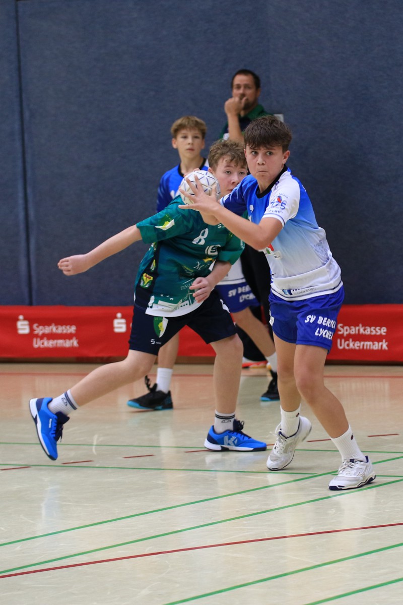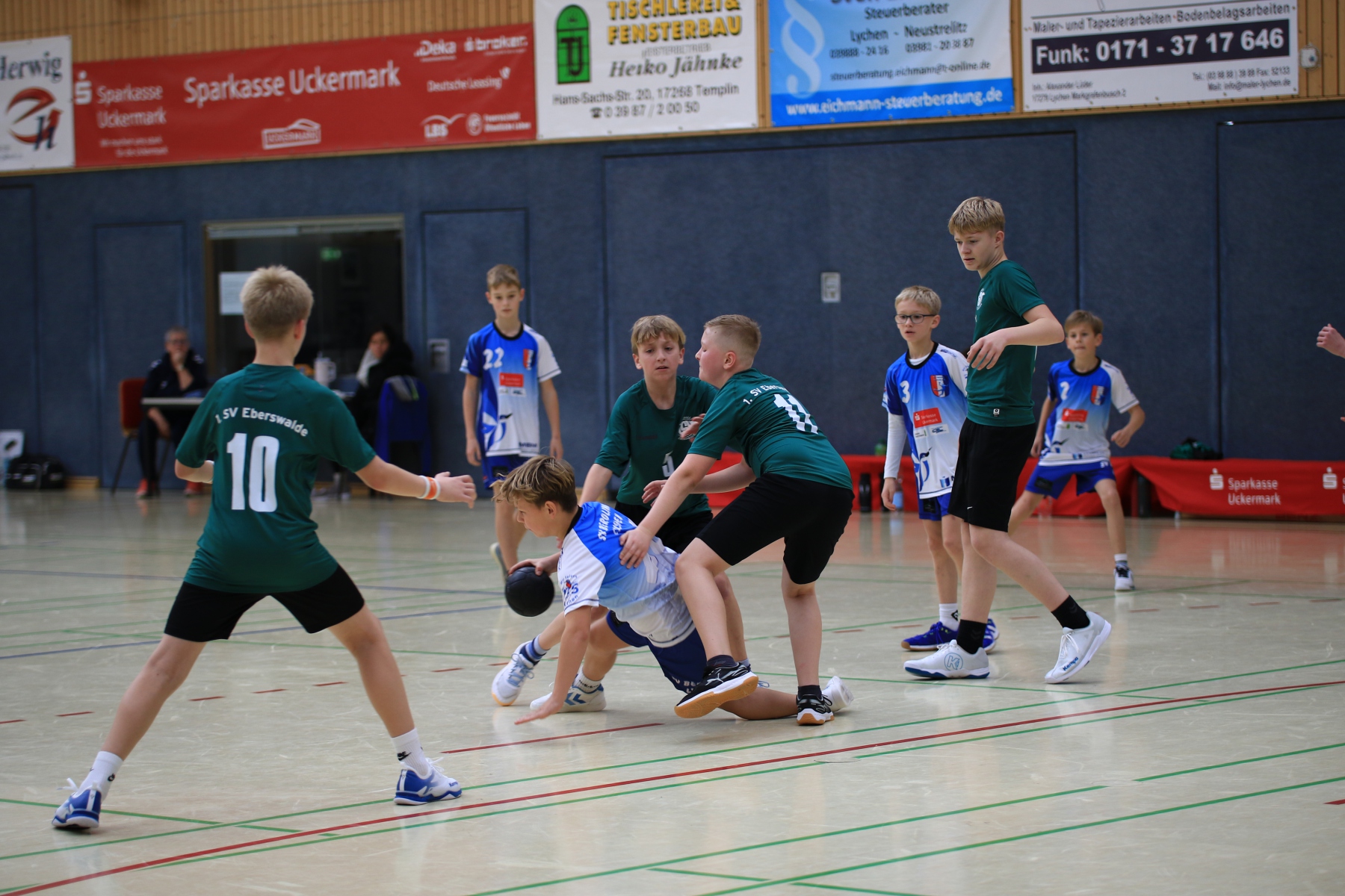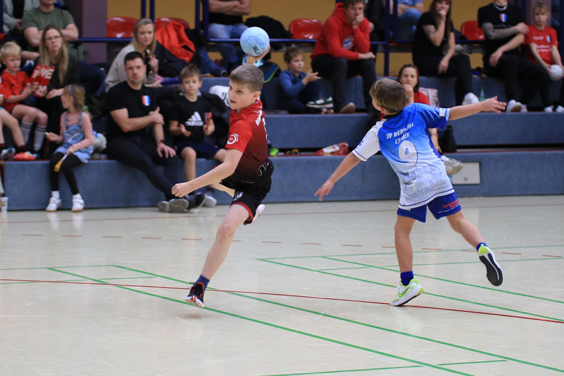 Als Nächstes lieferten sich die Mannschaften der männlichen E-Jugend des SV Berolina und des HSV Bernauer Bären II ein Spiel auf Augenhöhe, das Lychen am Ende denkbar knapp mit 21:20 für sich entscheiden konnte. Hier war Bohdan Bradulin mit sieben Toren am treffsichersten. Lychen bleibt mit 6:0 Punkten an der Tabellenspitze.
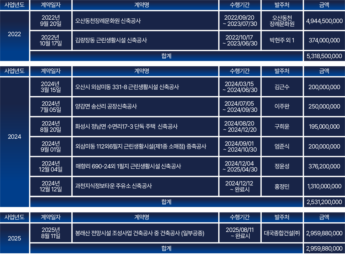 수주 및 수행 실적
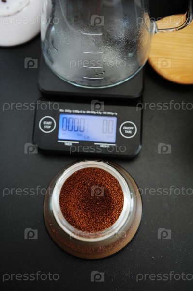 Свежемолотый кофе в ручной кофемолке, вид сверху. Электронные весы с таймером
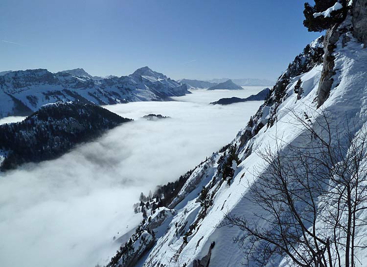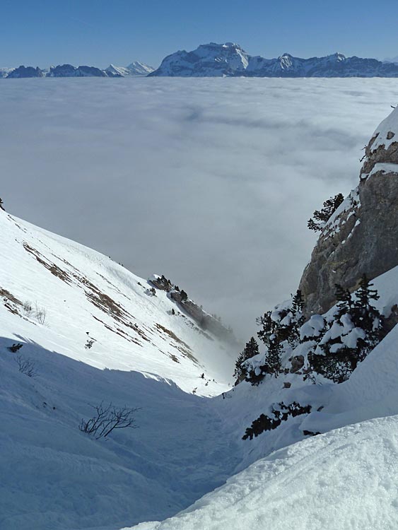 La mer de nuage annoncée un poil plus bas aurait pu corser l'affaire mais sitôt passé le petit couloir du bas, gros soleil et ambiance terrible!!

→ WHAT IS REQUIRED
Retype the data shown above exactly, excluding any picture it contains.

→ OUTPUT FOR THIS EXERCISE
 Als Nächstes lieferten sich die Mannschaften der männlichen E-Jugend des SV Berolina und des HSV Bernauer Bären II ein Spiel auf Augenhöhe, das Lychen am Ende denkbar knapp mit 21:20 für sich entscheiden konnte. Hier war Bohdan Bradulin mit sieben Toren am treffsichersten. Lychen bleibt mit 6:0 Punkten an der Tabellenspitze.
 수주 및 수행 실적
 Свежемолотый кофе в ручной кофемолке, вид сверху. Электронные весы с таймером
 La mer de nuage annoncée un poil plus bas aurait pu corser l'affaire mais sitôt passé le petit couloir du bas, gros soleil et ambiance terrible!!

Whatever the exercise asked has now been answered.